Published: 2013 Dezember
Institution: Institut AIFB, KIT
Erscheinungsort / Ort: Karlsruhe
Instance matching is an important step in data integration where the goal is to find instance representations referring to the same entity. In this paper, we propose an efficient approach to learn attributes, similarity functions, and thresh- olds, called instance-matching rules, for finding matches. Existing rule-based approaches calculate similarity of each attribute separately, and identify an instance pair as a match if each of the similarities is high enough. They may fail to identify matching instance pairs if there are errors occur in a single attribute. Besides, these approach cannot effectively learn the rules without the fine-tuning of parameters. At mean while, these approaches are also expensive in learning, because they learn the best rule from a large number of candidates whose number depends on the number of attributes, similarity functions, and especially training examples.
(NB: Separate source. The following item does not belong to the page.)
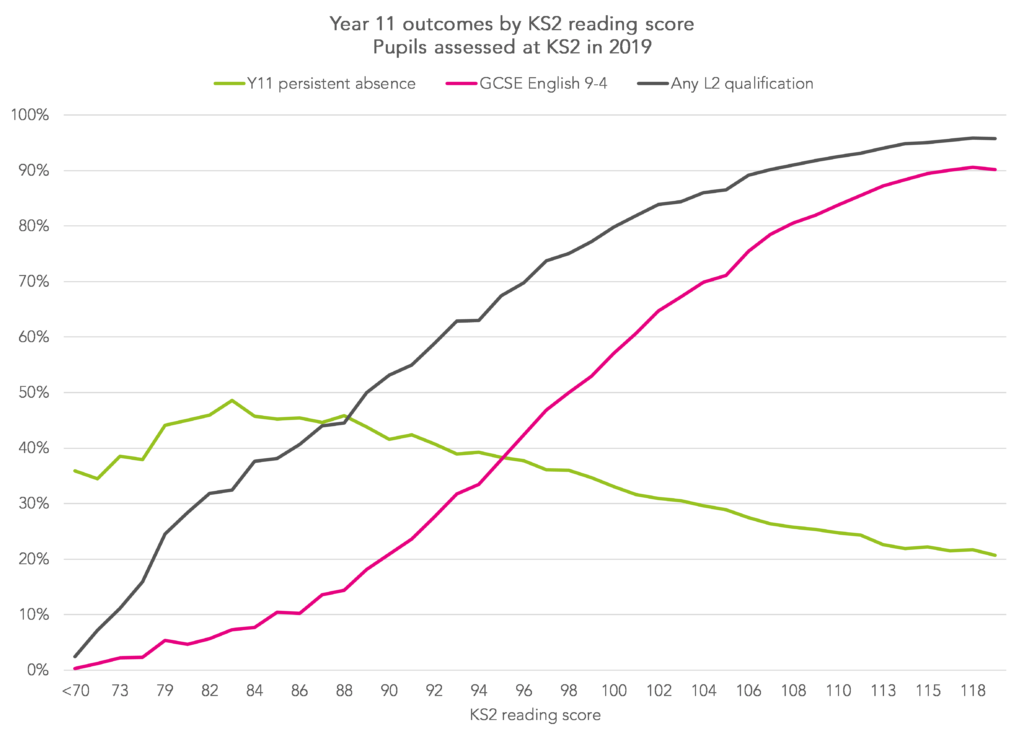 In the chart below we look at how three outcomes vary with respect to Key Stage 2 reading score: GCSE English grade, achievement of a Level 2 qualification and persistent absence in Year 11.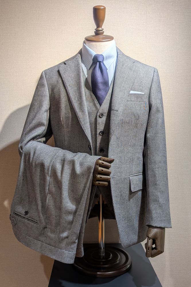サイズ感に合わせて上衣丈や袖丈、パンツの股上・股下・裾幅など細部にこだわり調整することで、バランスの良いお洒落なスーツがお召しいただけます。

In this paper, we address these three problems. We measure two instances as a whole by calculating the average similarity of a set of attributes to balance the errors in single one. The approach we proposed in this paper is almost free of parameters, which can easily estimate the value of the parameters from the training data and require not fine-tuning of them. We then propose an efficient algorithm to learn the instance-matching rules from a significantly smaller set of candidates whose size only depends on the number of at- tributes and similarity functions. The experiments on both real and synthetic datasets show that our solution greatly improves the effectiveness as well as the efficiency by up to 87% reduction of learning time. Moreover, the approach is also effective in the way that it can achieve stable results when the parameters are set with a large range of different values.